Liquid A: Non-spherical seed silica fine particles having an average particle diameter measured by a dynamic light scattering method in the range of 3 to 200 nm and a minor axis / major axis ratio in the range of 0.01 to 0.8 are dispersed in the dispersion medium. Nonspherical seed silica sol B liquid: An aqueous alkali silicate solution (the number of equivalents of alkali contained in B liquid is represented by (EA))
11. The non-spherical silica sol according to claim 10, wherein the liquid B and the electrolyte are added to the liquid A over a period of 15 minutes to 10 hours in a temperature range of 40 to 150 ° C., and are aged. Method.
The temperature range of the mixed solvent containing a water-soluble organic solvent and water is maintained at 30 to 150 ° C., and 1) a water-soluble organic solvent solution of a tetrafunctional silane compound represented by the following general formula (1) And 2) Add the alkaline catalyst solution simultaneously or intermittently, and after completion of the addition, maintain this liquid in a temperature range of 30 to 150 ° C., thereby hydrolyzing and condensing the tetrafunctional silane compound.

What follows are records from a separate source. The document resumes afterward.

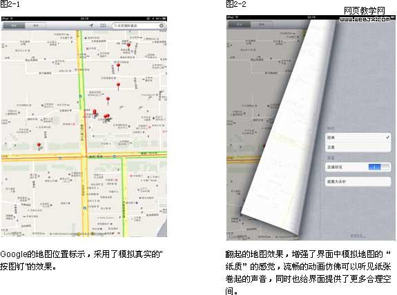 Google地图的让工具化与拟物化结合,不论是翻起页面的效果,还是图钉的效果,都是还原真实场景中的操作,通过动画的表现,让其更加逼真。也使界面更加的有层次。
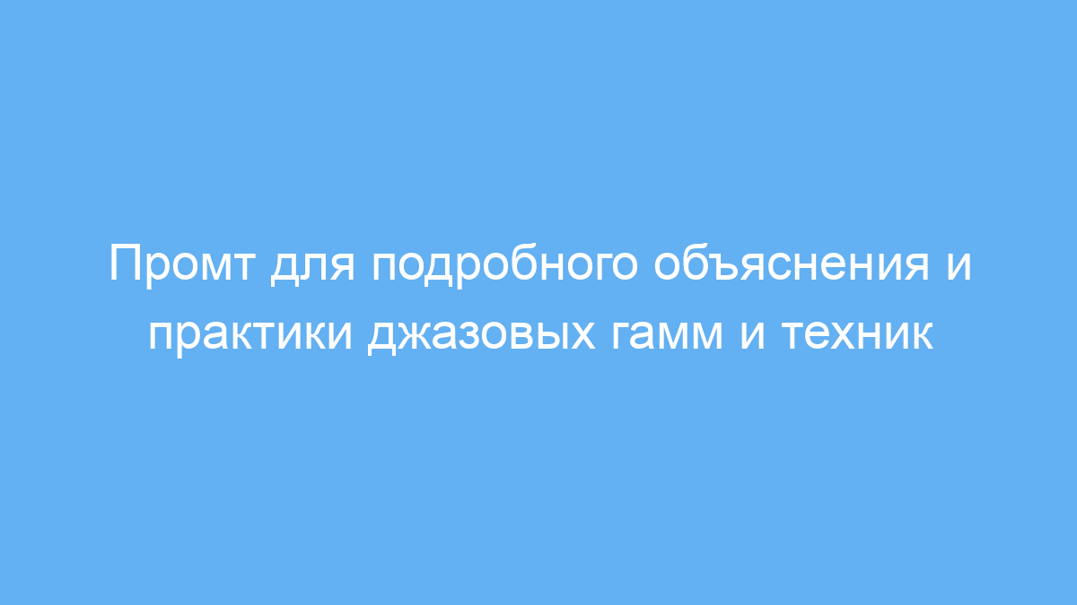 Этот промт значительно облегчает изучение и освоение сложных джазовых гамм и техник сольного исполнения. Он позволяет получить структурированные объяснения, рекомендованные упражнения и практические примеры с нотами, что экономит время и повышает эффективность обучения. Особенно полезен для музыкантов, стремящихся углубить знания и улучшить навыки импровизации.
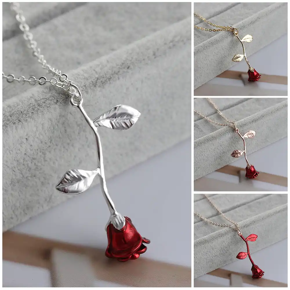 Details About Plated Women Handmade Jewelry Necklace Red Rose Flower Pendant Valentine Gifts
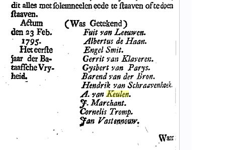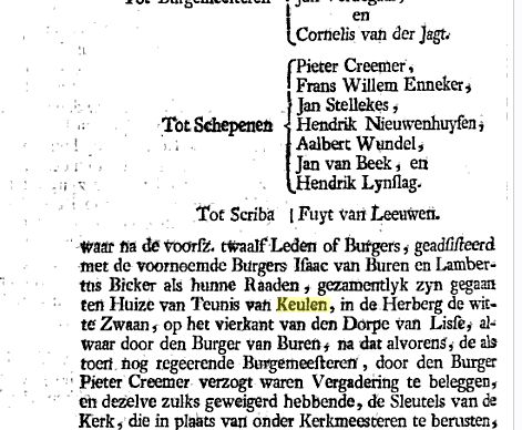 In 1795 wordt het nieuwe bestuur van de gemeente bepaald in Lisse (Bataafse vrijheid na bezetting door Napoleon). Anthony (Teunis) van Keulen is een van de ondertekenaars, ook vindt de ondertekening plaats in zijn herberg. (zoek in google boeken op: "teunis van keulen")
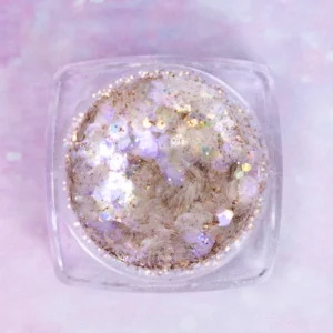 Serenity Effect – Venus to finezyjny pyłek do zdobień paznokci, łączący drobny brokat z delikatnymi, nieregularnymi płatkami dla magicznego, kosmicznego blasku. W zależności od kąta padania światła drobinki mienią się spektrem złotych i fioletowych tonów z subtelną nutą pomarańczu, przywołując niepowtarzalny efekt „księżycowego pyłu” na paznokciach.

The method for producing a non-spherical silica sol according to claim 5 or 6, wherein the molar ratio of water to the tetrafunctional silane compound is in the range of 2 to 4 in producing the non-spherical silica sol. .

(In the formula (1), R is an alkyl group having 2 to 4 carbon atoms.)
The method for producing a non-spherical silica sol according to claim 12, wherein the tetrafunctional silane compound is tetraethoxysilane.